Kenya ranks third globally in rhino count, says KWS

Friday, January 3rd, 2020 07:47 |
Black Rhinos at a conservancy in Laikipia county. COURTESY

Kenya ranks third with the highest number of rhinos in the world, a feat attributed to reduced levels of poaching of iconic species by over 90 per cent in the last six years. 

According to the Kenya Wildlife Service (KWS), the rhino population stands at more than 1,000—the third largest country population in the world. South Africa and India take the top two spots.

KWS revealed that the country ranks position four in elephant population at more than 34,000. 

Botswana remains the continent’s elephant stronghold, with 130,000 animals, concentrated along the Chobe and Savuti River systems in the north and in the vast wetland oasis of the Okavango Delta.

Zimbabwe showed the second highest number of elephants—83,000—mostly along the Zambezi River and in Hwange National Park.

Overall, Zimbabwe’s elephant  population has dropped 10 per cent since 2005.

Tanzania ranks third with a population of 32,871 elephants.

Punitive laws

In a statement on the status of elephants and rhinos in the country, KWS Director General Brigadier (Retired) John Waweru attributed punitive laws as the reason for drop in poaching.

“The Wildlife Conservation and Management Act, 2013 was amended in 2019 to provide for more punitive measures for wildlife offences,” said Waweru.

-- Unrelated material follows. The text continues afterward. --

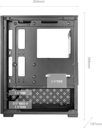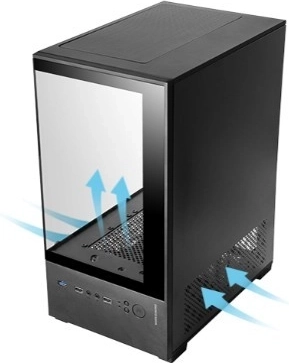 De MARS MC-SE2 is een compacte gaming Mini Tower die je build verandert in een opvallend showpiece. Dankzij de ononderbroken panelen van gehard glas komen je hardware en verlichting mooi tot hun recht, terwijl de zorgvuldig ontworpen luchtstroom de componenten op ideale temperatuur houdt.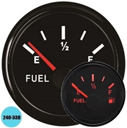 Requiere aforador estándar europeo (VDO). desde 0 ohmios vacío hasta 190 ohmios lleno (10-180, 3-180, 0-190)

Waweru said elephant poaching trend has been on the decline, adding that in 2012 there were 384 elephant poaching cases but in 2018 the number went down to 38.

“The same has been recorded in rhino poaching where in 2012, there were 30 rhino killed and the number has reduced to a single digit of four in 2018,” said Waweru.

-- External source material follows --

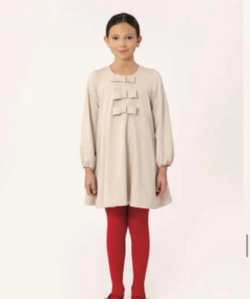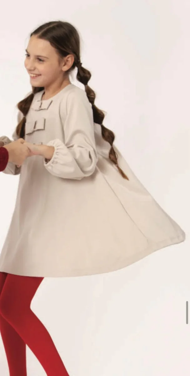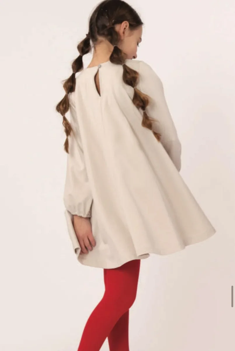 Abito texas Piccola Ludo, modello girocollo, applicazione in tono, colore crema

He added that to prevent and combat wildlife crime, and in particular poaching and trafficking in wildlife species and their products, KWS has established and strengthened specialised security units.

They have been deployed throughout the country, which include the Canine Unit that helps sniff wildlife products/tracking wildlife offenders and Prosecution Unit for wildlife-related offences. 

“To strengthen law enforcement, KWS works very closely with other law enforcement agencies in all matters of wildlife security at local, regional and international arena,” he added.

Threat to wildlife

Waweru, meanwhile, said though progress has been made, the country’s wildlife insecurity is characterised by international trade in trophies and meat, commercial poaching for bush meat and illegal wildlife trade.

“Human wildlife conflicts, bush meat trade and commercial poaching remains a substantial threat to wildlife conservation in Kenya and in the region,” he said. 

 Unfortunately, Waweru said, Kenya is a key transit hub within the region to international destinations. “Various wildlife products, mainly elephant ivory, rhino horn, pangolin scales are transited through our ports,” he said.

He said the application of strong and deterrent prison sentences have worked well to reduce poaching.

Regional collaboration

He added that regionally, cross-border collaboration with Tanzania has been in existence for more than two decades.

Similar collaboration with Uganda is also being strengthened to address crimes of trans-border nature.

Interpol and Lusaka Agreement Task Force are instrumental in facilitating, coordinating and offering support where crimes of international nature occur. 

To end human-wildlife conflict, Waweru said KWS has engagement forum with community to win the support in enhancing wildlife security.

“This initiative has focused on the youth, local elders and women especially in the Laikipia/Samburu ecosystem. As a result, elephant poaching and retaliatory killings have greatly reduced and the community is now sharing information with KWS,” he said.